Iraq's prime minister today ordered an investigation into overnight explosions that tore through a mosque in Baghdad as officials raised the casualty toll to 18 dead and 38 wounded.
The blasts took place in Baghdad's Sadr City when a weapons depot exploded inside a Shiite mosque, the officials said. It was not clear what triggered the explosions that destroyed or damaged 20 homes. The officials spoke on condition of anonymity because they were not authorized to speak to the media.
In a statement issued by his office, Prime Minister Haider al-Abadi said that storing weapons in a crowded residential area by "unauthorized parties" was a "crime that led to the killing of innocent people".
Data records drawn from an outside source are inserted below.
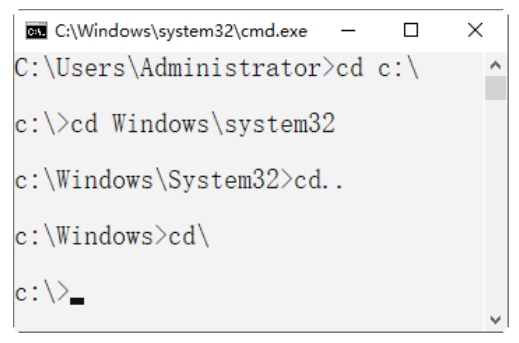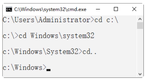 (2)cd..:cd后面的两个“.”表示返回上一级目录,例如当前的目录为C:\Windows,如果输入cd..命令,按Enter键即可返回上一级目录,即C:\。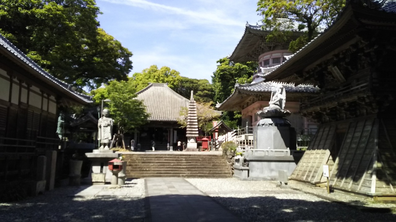 高知から国道55号線を南下すると、室戸岬の手前約1㎞、左手の海岸段丘に急斜面のつづら折りの道が登っています。これは室戸スカイラインで、登り切ったところに最御崎寺があります。真言宗豊山派の寺院で、本尊は虚空蔵菩薩、四国八十八箇所霊場の第二十四番札所です。駐車場から数分歩いて本堂を参拝して、寺の南にある室戸岬灯台に行こうと思いましたが、進入禁止になっていました。参拝後、スカイラインを北上し、展望台を経由して室戸市中心部に下りました。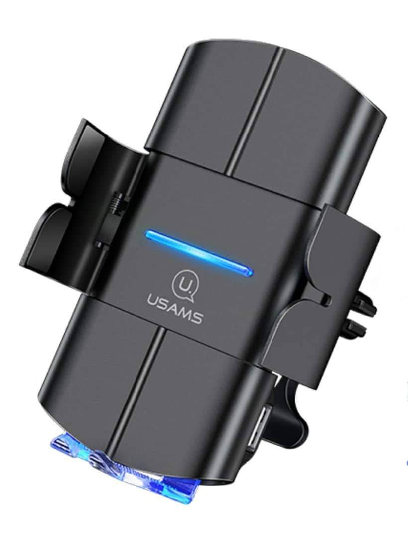 USAMS US-CD133 Automatic car holder with fast 10W wireless charging, mounted to the ventilation grille.Thanks to the use of an intelligent chip, the handle detects the device and automatically locks the arms, and identifies devices with the option of fast inductive charging.Phones without wireless charging can be locked with the side buttons. The rotating head makes it easier to use, and thanks to the triangulation principle, our phone is stable even during heavy braking.- 10W high power, Fast charge, fast wireless charging. The smart chip identifies devices with the option of fast inductive charging.- Easy loading. Built-in independent large coil, 0.1 second response time, automatically turn on wireless charging mode, 8mm induction distance.- Easy to use. Automatic closing and automatic opening (arms open by pressing control buttons)

Al-Abadi directed the Interior Ministry to take "legal deterrent measures" against those who "committed this crime." He ordered security forces to conduct searches inside and outside the cities to confiscate weapons from parties "outside the official security forces," referring to Shiite militias.
Sadr City is considered one of the main strongholds for supporters of Muqtada al-Sadr, a Shiite cleric whose supporters once fought American troops in Iraq in the years after the US-led invasion of Iraq in 2003.
Al-Sadr's followers won the largest number of seats in Iraq's May 12 parliamentary elections but would have to form a coalition government with other blocs in a process that could drag on for months.
Al-Sadr also commands a government-backed paramilitary force that took part in the nearly three-year war against the Islamic State group after it seized large swathes of Iraq's territory in 2013 and 2014. Iraq declared victory over IS last year, but the extremist group retains pockets in western and northern Iraq and continues to stage attacks on security forces.